As Stanley, my guest from Kuala Lumpur, still felt in great condition, we set off the next morning at sunrise to Yak-Kharka (4,150m) with the intention of riding to Thorong Pedi (4,550m) the following day. The normal scene is as follows: this would be the place from which we’d depart at 3am, carrying the bike on foot up to Thorong-High-Camp (4,950m), we’d then enjoy a tea break before riding for around eight hours up to the highest point of the tour, and riding over the Thorong La pass at 5,416m. Yet this occasion was different; once we started climbing from Thorong Pedi to High Camp we couldn’t fail to notice that the pass was knee-deep in snow from Cyclone Hudhud. This then demanded eight hours of lugging the bike on our shoulders, with just a few rideable sections on the snow. But we still had fun! Hours later, we finally reached Muktinath (3,800m) in the former Kingdom of Mustang, and from here there was about 40% of the snowy descent that was great to ride in. Entering that night’s lodge, we were overjoyed and after a warm shower, the grins were permanently fixed on our faces.
The following day brought with it an amazing descent on the circuit’s best trails. After a small climb to 4,000m, we enjoyed the long descent through the Lupra valley with its sandstone formations to Jomsom (2,700m). During the ride we had to keep stopping in awe at the sight of the 8,000m Dhaulaghiri massif and other ice giants in the mystical, almost steppe-like Mustang Valley. Having already completed this route as a hiker the previous year, my guest had requested a mountain flight from Jomson (2,700m) to Pkhara (860m) with a small propeller plane. This saved us a day of riding on a super dusty double track trail, with constant jeeps and buses passing by.

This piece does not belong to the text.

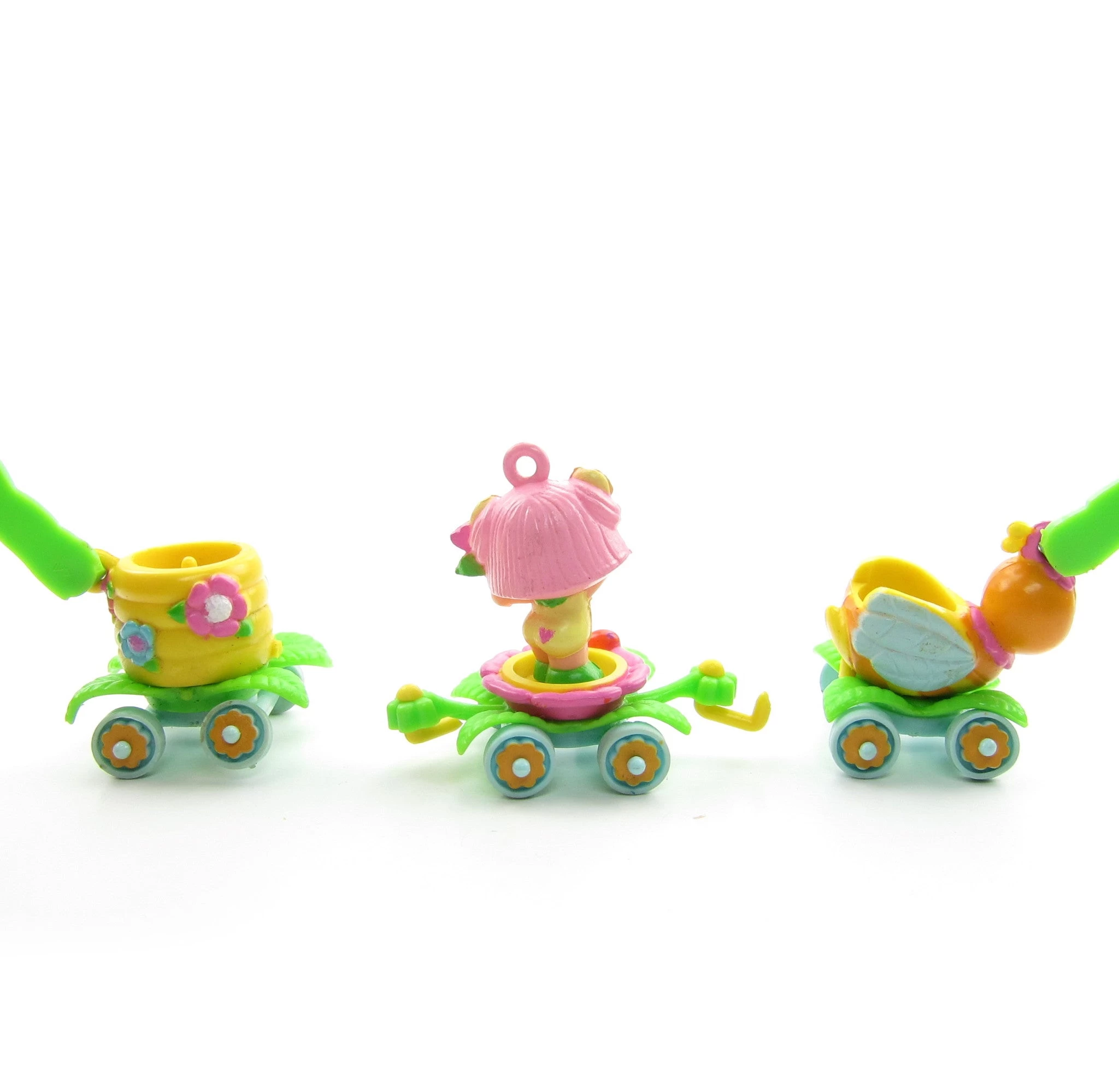 Except for the broken links between the train pieces, the Sweet Bea charm and other pieces are in good vintage condition with minimal paint rubs and wear.
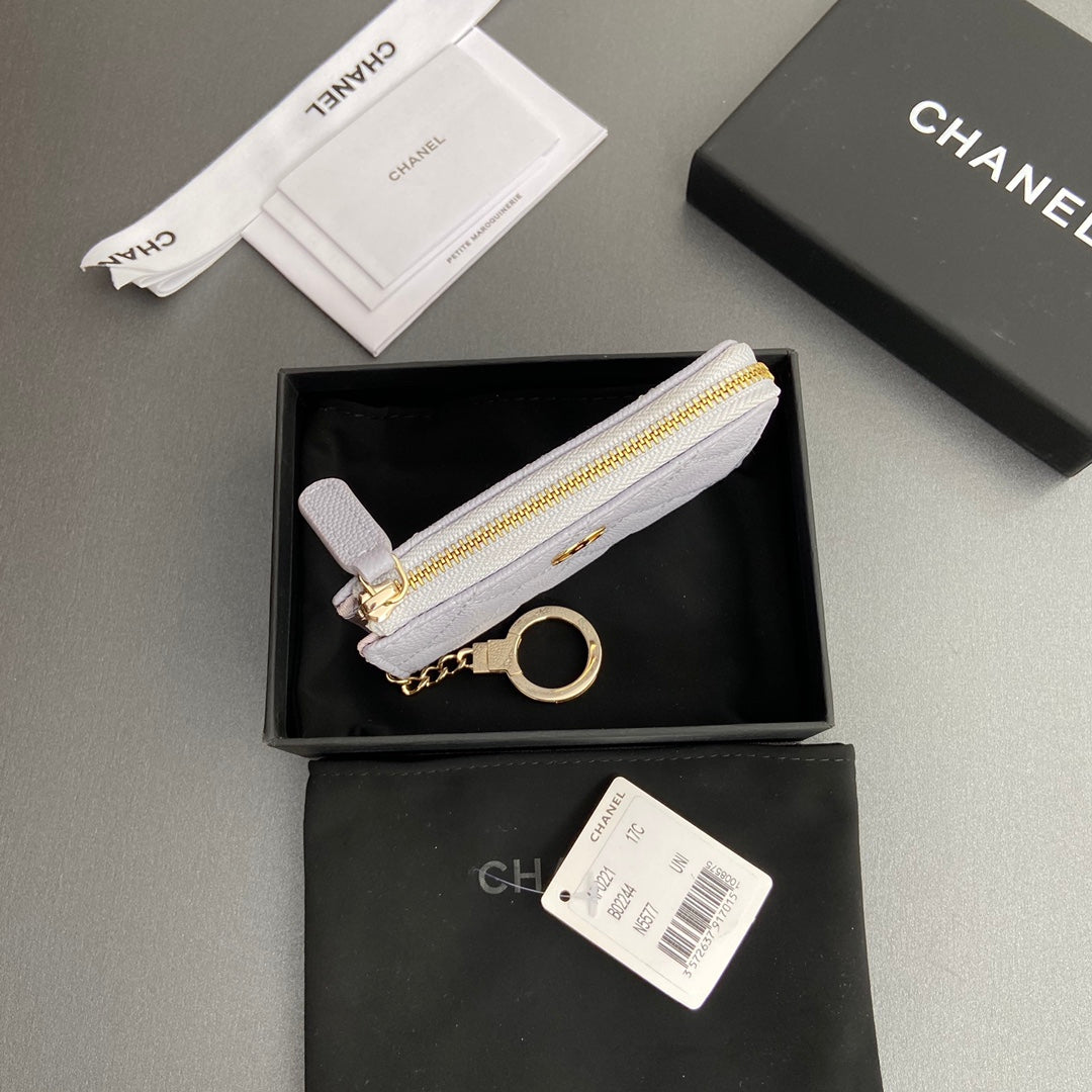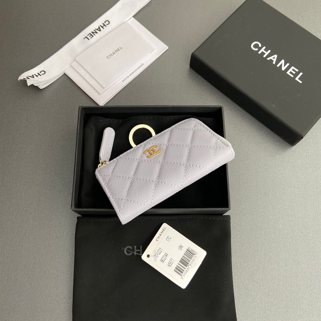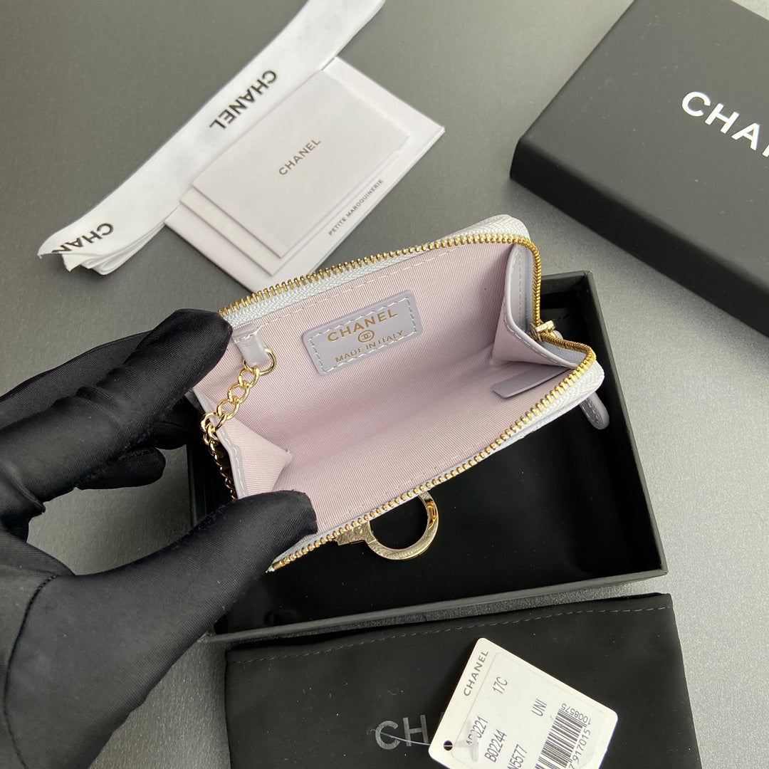 CC Hook & Chain Zipper Card Holder Light Purple Caviar GHW 234717

Once in Pokhara we heard that our friend Kent was already back in Bangkok after two days in hospital. And this is how yet another adventurous bike tour on the Annapurna Circuit came to its conclusion.
After recharging in Pokhara for a few days, I began my final tour with four guests from Germany – one that fortunately passed by without any major incidents. With two eventful and exciting months in Nepal now behind me, the autumn season was over and I could return to Bangkok.